The objectives of this projects are the following:

  1. Provide a C++ implementation of Karger, Klein & Tarjan algorithm for finding MSTs in expected linear time available.
  2. Benchmark the implementation against standard MST methods (Kruskal, Prim, Boruvka)

Assumptions regarding input graphs:

  1. All implementations of this project assume that the edge weights are unique, this is mentioned on the KKT paper as a requirement and it simplifies the design/analysis of the algorithm.
  2. We are at all times dealing with undirected graphs!!

How to build the project

  1. Install Bazel

  2. Run the following command on your command line:

    $ bazel build :all

How to run tests

  1. Build the project in the way described above

  2. Run the following command at your command line:

    $ bazel test :all --cache_test_results=no

How to run benchmarks

  1. Build the project as described above

  2. Run the following command at your command line:

    $ bazel run benchmark:mst_benchmark -c opt

Benchmark Comments

All MST algorithms have been tested with random undirected connected graphs with unique discrete edge weights.

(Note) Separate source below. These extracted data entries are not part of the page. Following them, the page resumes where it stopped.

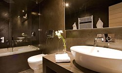 - Τα έπιπλα, ξεχωριστά και ιδιαίτερα, σε συνδυασμό με τους κρυφούς φωτισμούς, δίνουν ένα σύγχρονο και αφαιρετικό αποτέλεσμα. Τα ευρύχωρα μπάνια είναι πλήρως εξοπλισμένα με ανέσεις υψηλής ποιότητας, πετσέτες και μπουρνούζια, ενώ στην πλειονότητά τους προσφέρουν και Jacuzzi. Χαλαρώστε στα εξαιρετικά άνετα king size κρεβάτια και απολαύστε τις μικρές λεπτομέρειες που ομορφαίνουν τη ζωή μας.
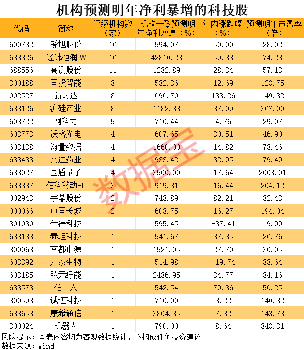 未来业绩能否兑现或许是决定这些科技股能否持续强势的关键。相对来说,机构关注度越高的个股,实现业绩的可能性或许更大。其中,经纬恒润-W、爱旭股份)
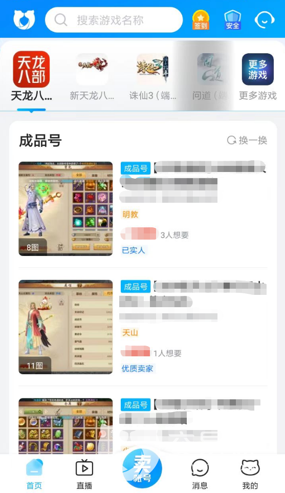1、目前的天龙八部玩家们,可以直接在交易猫当中选择关注这一款游戏,然后首页当中就会为大家展示出当前最新的账号交易信息,玩家可以通过商品的价格以及账号内所包含的内容来进行判断是否符合自己的预期,当然喜欢PK的玩家,最好去优先选择角色等级较高的游戏号。
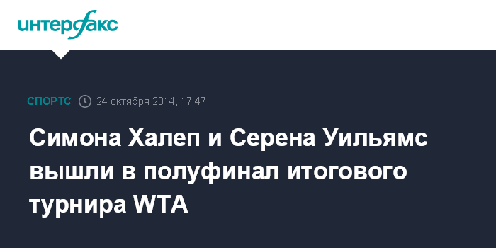 Москва. 24 октября. INTERFAX.RU - Первая ракетка мира Серена Уильямс из США и румынка Симона Халеп вышли в полуфинал итогового чемпионата WTA в Сингапуре из "Красной группы".
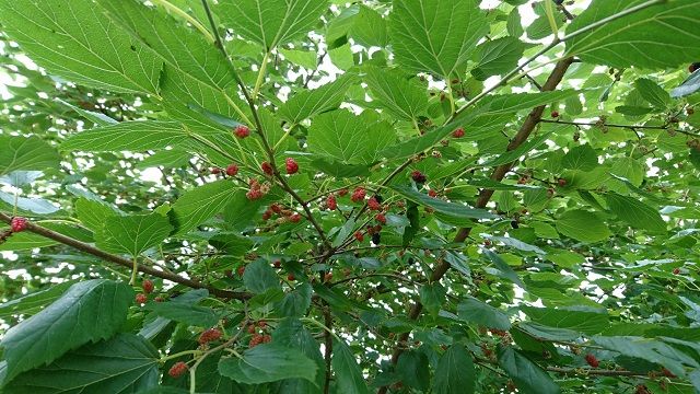 大きな木です。中央左も右も、桑の木です。
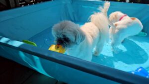 プールに、はじめましての子との挨拶、お勉強でおつかれのぽんちゃんは渋顔に🤣笑
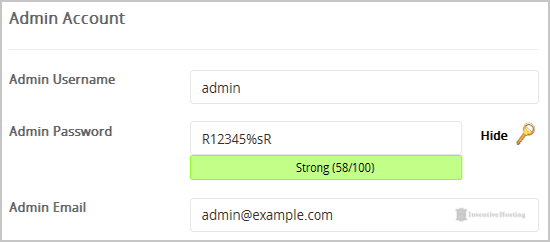 8. Under the "Admin Account" field enter the following information:
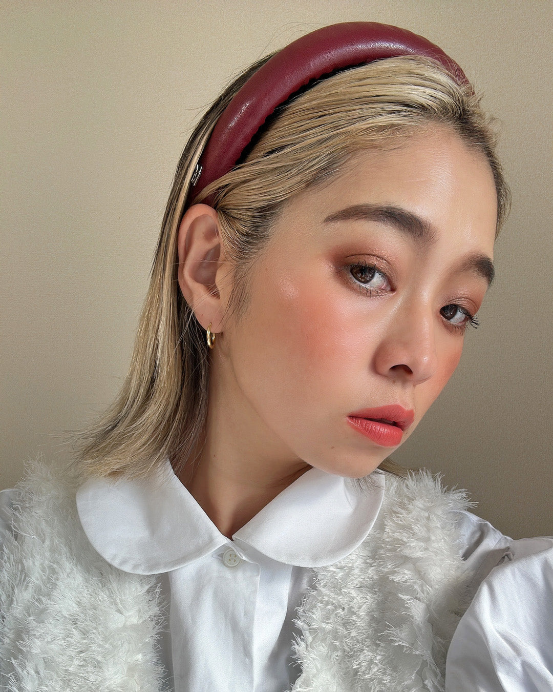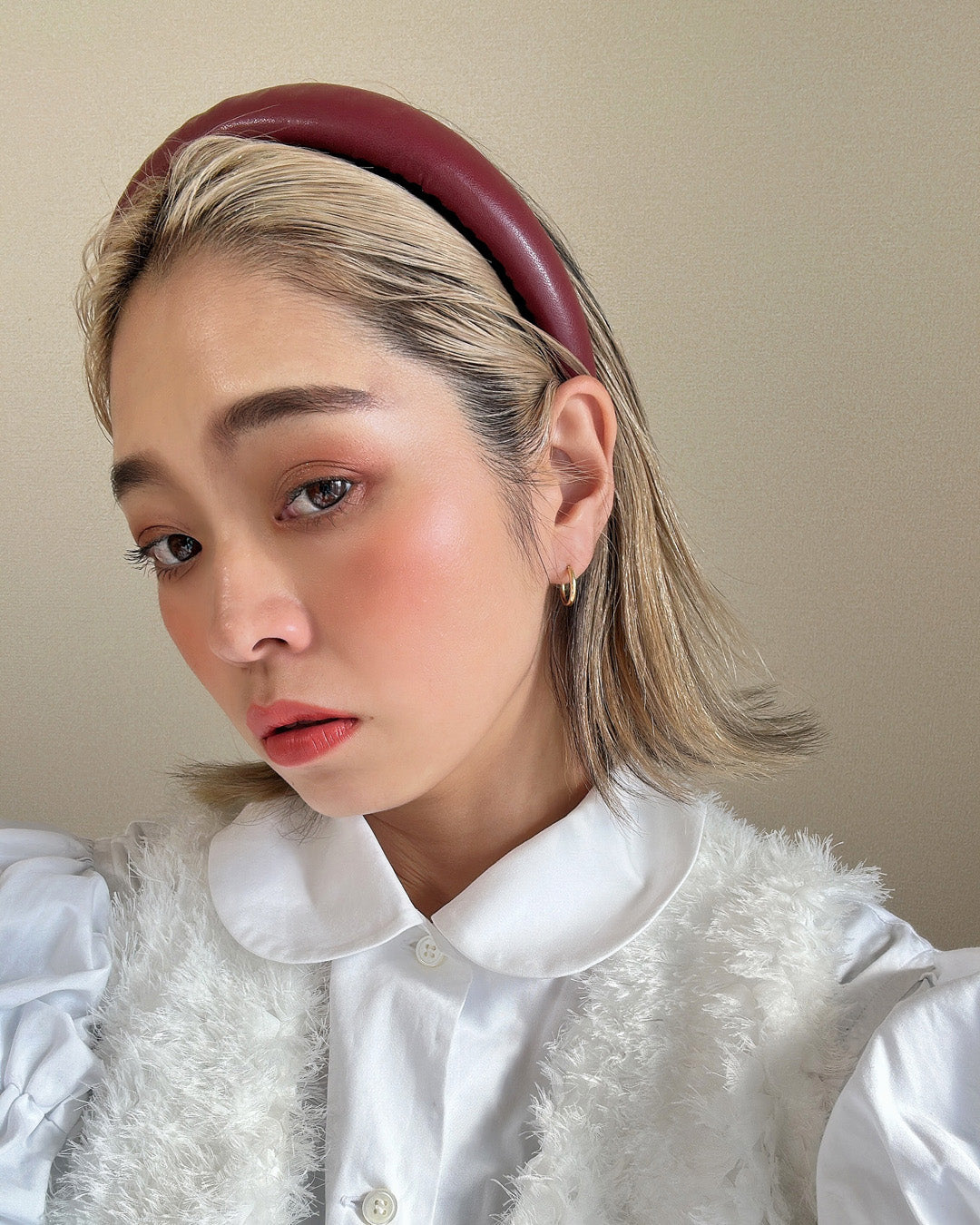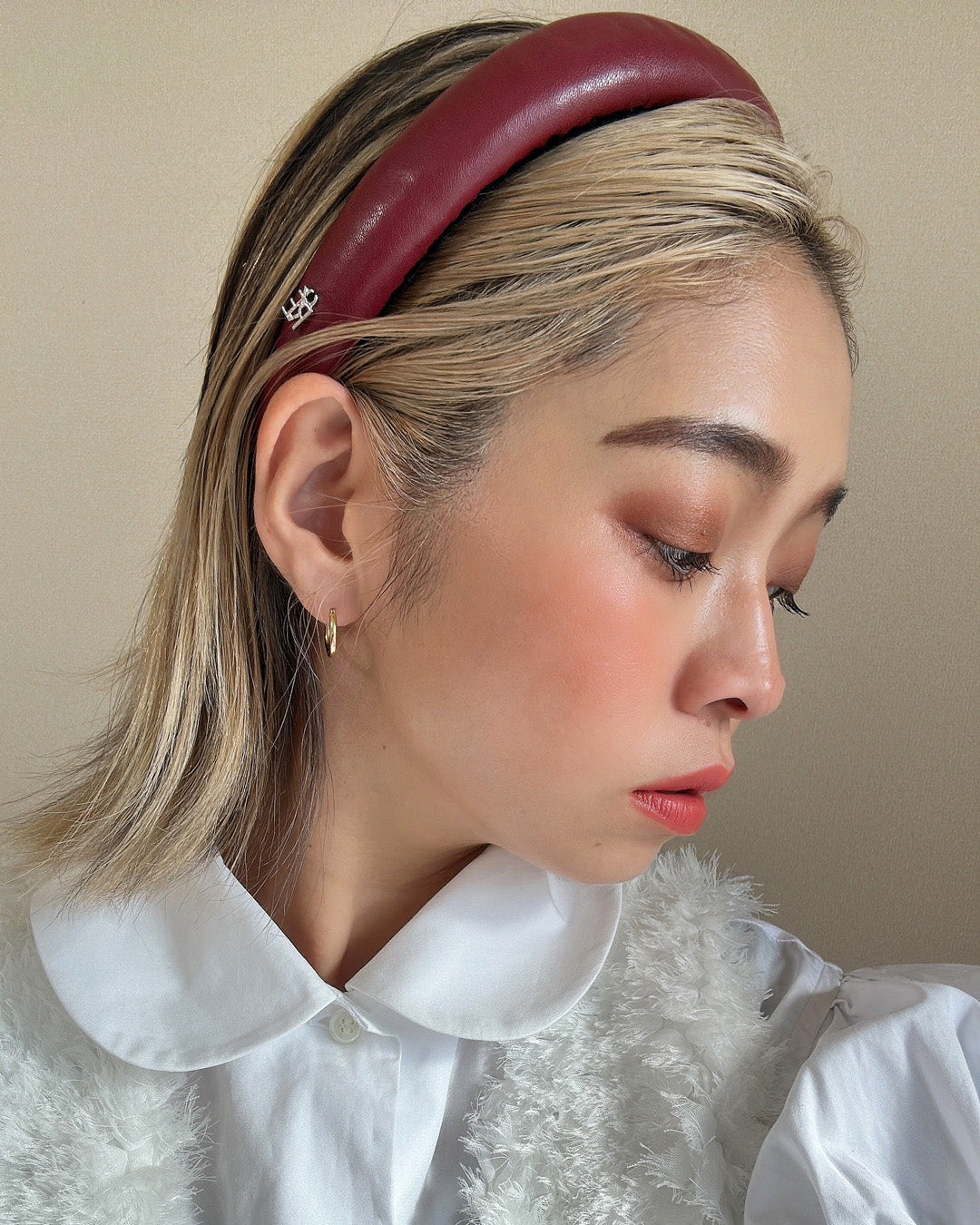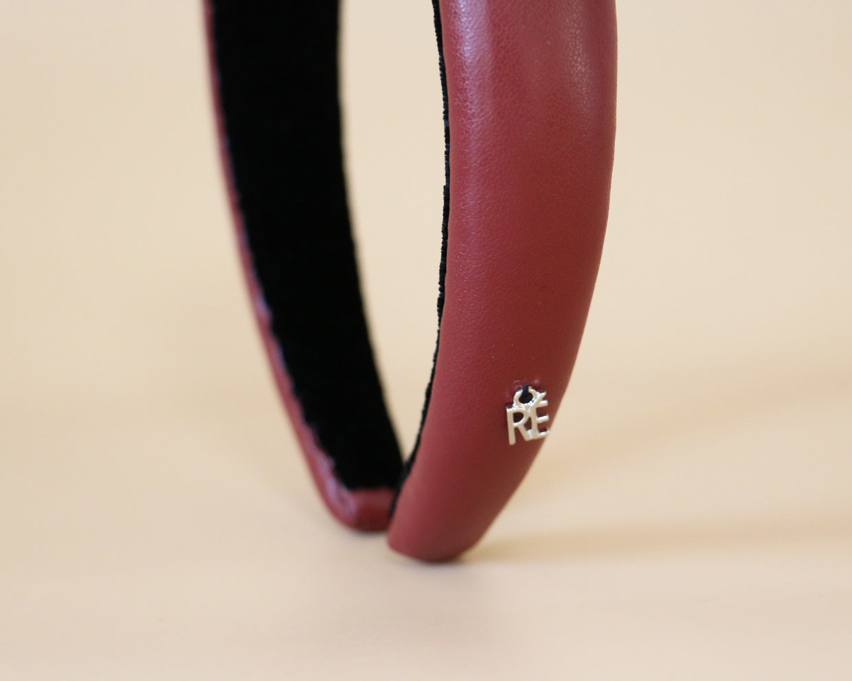 落ち着いたレッドカラーが特徴のフェイクレザーカチューシャです。

The runtime complexity has been estimated automatically by using google/benchmark

Results

  1. The KKT implementation provided has a linear behavior in practice (in the datasets tested). See results in the benchmark.txt file for the repo.
  2. All the other tested algorithms don't have linear complexity in theory and this is also true for the benchmark graph instances.
  3. The KKT algorithm still performed poorly compared to the other algorithms, because of a huge constant factor.